Friday, March 02, 2007

Of polls and provinces

Lots of excitement today among the mainstream media over polls showing the Conservatives in the lead. Of course you have to wade through twelve paragraphs of this CTV story to find this relevant point:

In Ontario, the three February surveys average out to marginal 37-35 lead for the Liberals over the Conservatives, with the NDP at 16 per cent and the Greens at 11.

And in Quebec, the rolling averages put Bloc support at 38 per cent, followed by the Liberals at 23, the Tories at 16, the Greens at 10 and seven per cent for the NDP.

First past the post remember folks? If the Tories have gotten a big boost in support in Alberta or Saskatchewan, it means essentially dick. Two feet past the post or two-hundred feet past the post means exactly the same thing.

These polls are bad news for the Tories, no matter how much wistful establishment journos massage the numbers.

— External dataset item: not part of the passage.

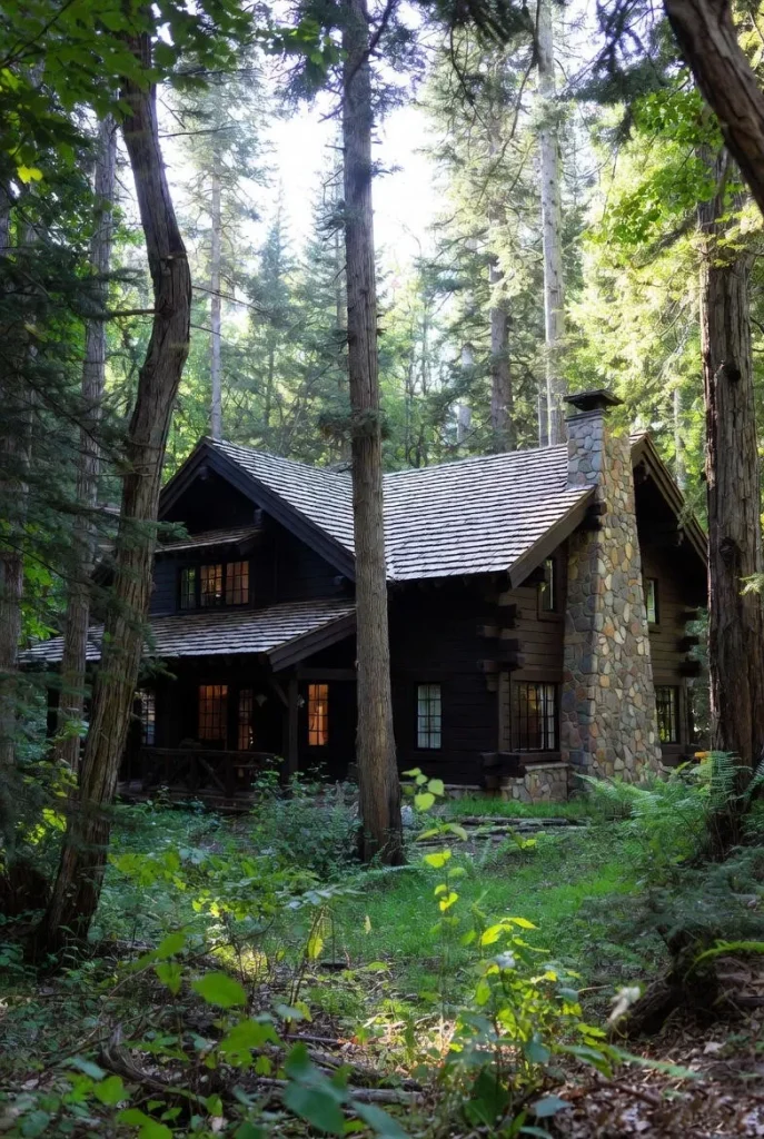 The exterior is painted a deep forest green with white accents on the porch railings. This color scheme allows the house to blend into the surrounding pine and fir trees. A large stone chimney adds a sense of verticality to the horizontal design.

Stasis or decline in Ontario and Quebec for the Tories numbers does not bode well for holding onto their minority - much less getting a majority.

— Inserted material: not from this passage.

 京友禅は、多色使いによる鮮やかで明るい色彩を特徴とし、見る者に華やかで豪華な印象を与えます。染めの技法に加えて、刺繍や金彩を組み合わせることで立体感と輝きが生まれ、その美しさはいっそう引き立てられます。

Any Tory supporters who take deceptive national poll numbers seriously without taking into account provincial breakdowns is in for an unpleasant surprise come election day in... shall we say May? June? Depends if the Tories think the Canadian people are dumb enough to fall for intensity per barrel targets that allow the oil fields to increase rather than reduce their assault on the environment.